The notation AR(p) indicates an autoregressive model of order p. An autoregressive model
can also be understood as a linear regression with one of more lags of the dependent variable
included as explanatory variables. Observed intraday data for many markets shows some
autocorrelations at one or more lags. Equation 6 is a simple AR(1) model that was used to generate
another alternate model for the intraday binomial tree, using α = 0, β = .1 as inputs. (Note that |β| <
1 is required for stationarity. If β = 1 then the process has a unit root and can also be described as a
random walk. (Equation 5 is also an AR(1) process with a unit root.))

rt = α + β rt −1 + ε t , ε ~ i.i.d .N (0, σ 2 ) (6)

We would expect that this process could cluster more openings at the highs and lows of the
day, because, with β > 0, the next price is more likely to continue in the same direction as the
current change. In other words, if the return at time t is positive, the return at t+1 is more likely to
also be positive. If the first change of the trading day is positive, with a positive autoregressive
model for returns, it is more likely that price will continue to move away from that opening tick,
thereby generating an opening skew. In this case, 25,000 simulated iterations through the binomial
tree show 8.21% of the opens within 5% of the high and 8.10% within 5% of the low. Though not a
dramatic illustration, this open skew more closely matches the observed data than the simple
normal model. We would expect similar results from random walk with drift models, but have not
modeled that process in these simulations.
There is one more explanation that might be considered for one of the markets in Table 1.
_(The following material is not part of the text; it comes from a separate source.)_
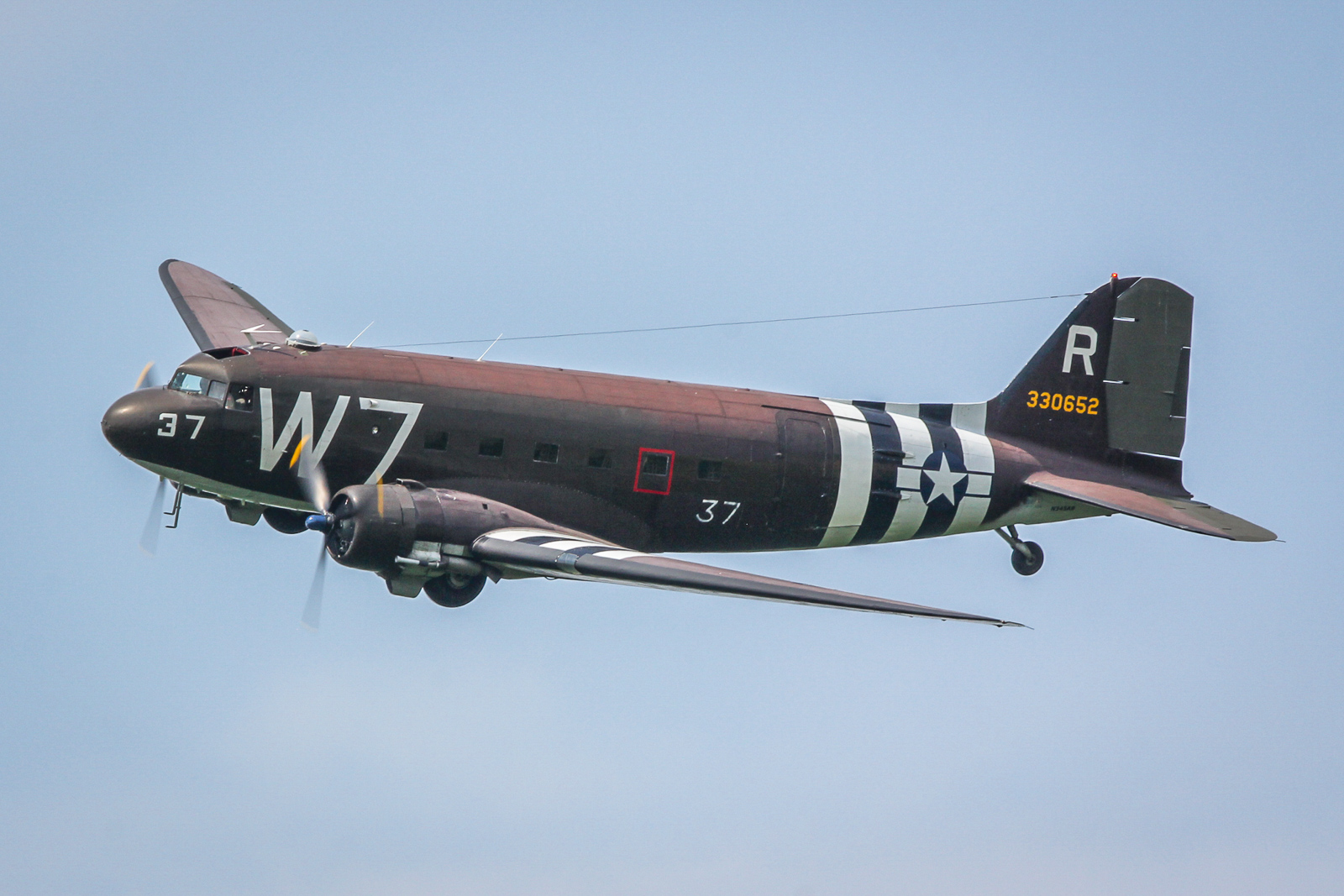 Other aircraft entertaining the audience at Geneseo included B-25’s ‘Miss Hap‘, ‘Take-off Time‘ and ‘Panchito‘. Numerous T-6 Texans and Stearman biplanes, BT-13 Valiants and other trainers and liaison aircraft did fly-bys. TBM Avenger ‘She’s the Boss‘ with Charlie Lynch at the helm simulated the war in the Pacific alongside Ken Laird in a Japanese Val replica and B-25’s… accompanied of course by suitably fierce pyrotechnic explosions on the ground! The National Warplane Museum’s D-Day veteran Douglas C-47 ‘Whiskey 7‘, flown by Chris Polhemus and John Lindsay, was also on hand making parachute drops, fly-bys and offering rides after the show. Incredibly, the DC-3 ‘Flabob Express’ flew all the way from California for the show. Many other vintage civil and military aircraft were also on static display.

The cash S&P index shows an extreme degree of opening skew. Remember, this is a calculated
(“cash”) index, not an actual traded market. It seems likely that the market microstructure
explanation of asynchronous trading could generate autocorrelation in this index, and that this
autocorrelation could be responsible for the opening skew. It is interesting to note that the S&P
500 futures, which tend to track the cash index quite closely throughout the trading day and share
virtually the same trading period as the cash index, do not exhibit any open skew beyond the
baseline.
In conclusion, pure random walks will tend to cluster opens at the high and low of the day
much more frequently than intuition would suggest. Actual market data shows degrees of opening
skew that are higher than those predicted by simple random walk models, but high frequency
returns show deviations from pure random walk conditions. Modeling returns with processes that
more closely match the observed data generates open skews which more closely match what we
observe in actual market data. It seems likely that many of the observed opening skews in real
market data can be explained as artifacts of various random price processes, and that most of these
observations are not evidence of inefficiency. Even so, some of the markets in Table 1 (and many
other markets not tabulated in that table) show degrees of opening skew which are quite extreme,
which cannot be explained through simple mathematical explanations. These skews tend to be
more extreme in futures than individual equities, and also tend to be more extreme in less liquid
markets. (This last is suspiciously suggestive of possible microstructure explanations.)